昔、(ひょっとすると大阪ローカルで)はやった「ヤンキーの兄ちゃんの歌」の一節です。ヤンキーというのはもちろんアメリカ人のことでも大リーグのことでもなくまあ町にたむろしている不良、といった意味とお考えください。
うんこ座りとは、和式便所で用を足すときの姿勢です。彼らはこういうしんどい恰好で長時間あっちこっちで座り込んでいました。
このとき股関節と膝関節は「屈曲」しています。
前回書きましたようにケータイやゲーム機などで目を酷使しますと腸腰筋が伸びなくなります。この筋肉は股関節を屈曲させる働きをしますから、股関節がちゃんと伸びなくなる、と言い換えても同じです。イガク的にいえば股関節の屈曲拘縮、ということになります。
つまり、簡単に言ってしまえばケータイやゲームで目を酷使する子は「うんこ座り」が楽な姿勢となります。
そんな奴おるかい、という話ですが実は隠れうんこ座りは結構いるのですよ。教室に。
教室で授業を受ける時のように椅子に座ってみてください。そのままの姿勢で(足の裏を床につけたまま)股関節を曲げていって下さい。上体が前に傾きますね。
反対に上体をまっすぐにして股関節を曲げていって下さい。椅子の上で「体育座り」するみたいな変な姿勢になりますね。
机に突っ伏した姿勢、片膝(あるいは両膝)を曲げて抱え込んだような姿勢。実はこういう姿勢で講義を聞く子はすごい多いです。彼ら(真面目な学生も多いのですが)の姿勢はあらたな「うんこ座り」です。
若者だけではないようです。以前、私が小学校の時の担任の先生にお会いしたときにこの姿勢の歪みの話をしました。先生はハタと膝を打って「おるおる、そういう子。いっぱいいてるよ。」と言われました。そういう姿勢の子はやっぱり家でもゲームばっかりしていたりするようです。
人間というのは実に絶妙にバランスを取って生活しています。だからそのバランスを崩されると必死に修正しようとします。そのためにエネルギーを消費してしまって勉強どころではなくなる、ということのようです。
「愚民教育」であるところのゆとり教育が、エリートとして選別された子以外の学力を意図的に下げるようにデザインされていたのは前回書いた通りです。
「ほれ、ゲームやっとけ。ケータイ見とけ。勉強なんかせんでもいいからな。」というのがゆとり教育の究極のスタイルなのでしょう。

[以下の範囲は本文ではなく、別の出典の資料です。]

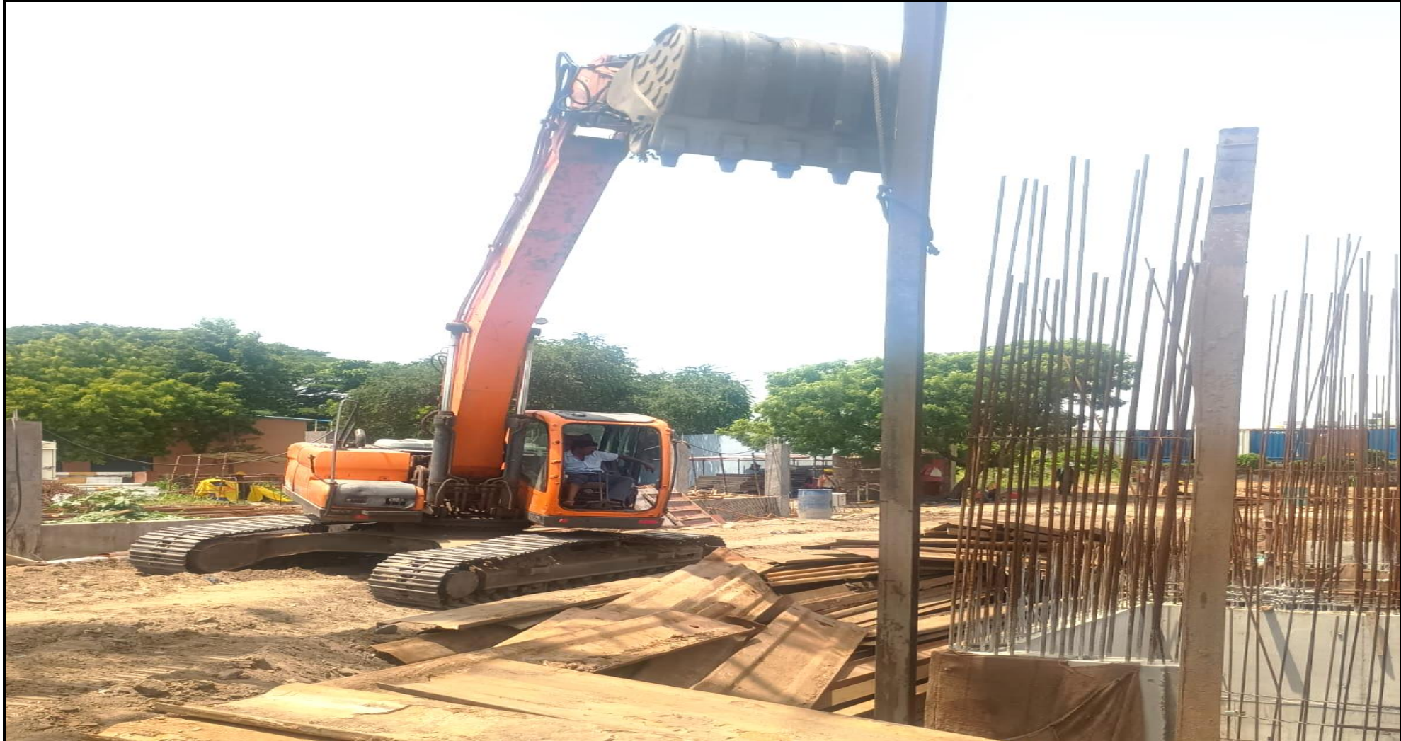
UG Sump – shoring removal work completed
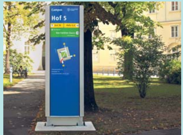
Combiflex CF 60 monument sign systems

股関節がちゃんと伸びなければお尻が後ろに出っ張り、顎を突き出した姿勢になります。実はこの姿勢、昔話題となった「戸塚ヨットスクール」に入校してくる子供の身体的特徴として戸塚宏先生があげておられる姿勢とぴったり一致します。
ちなみに冒頭に挙げた「ヤンキーの兄ちゃんの歌」がはやったちょうどそのころに家庭用のテレビゲーム機が出現しています。偶然でしょうか。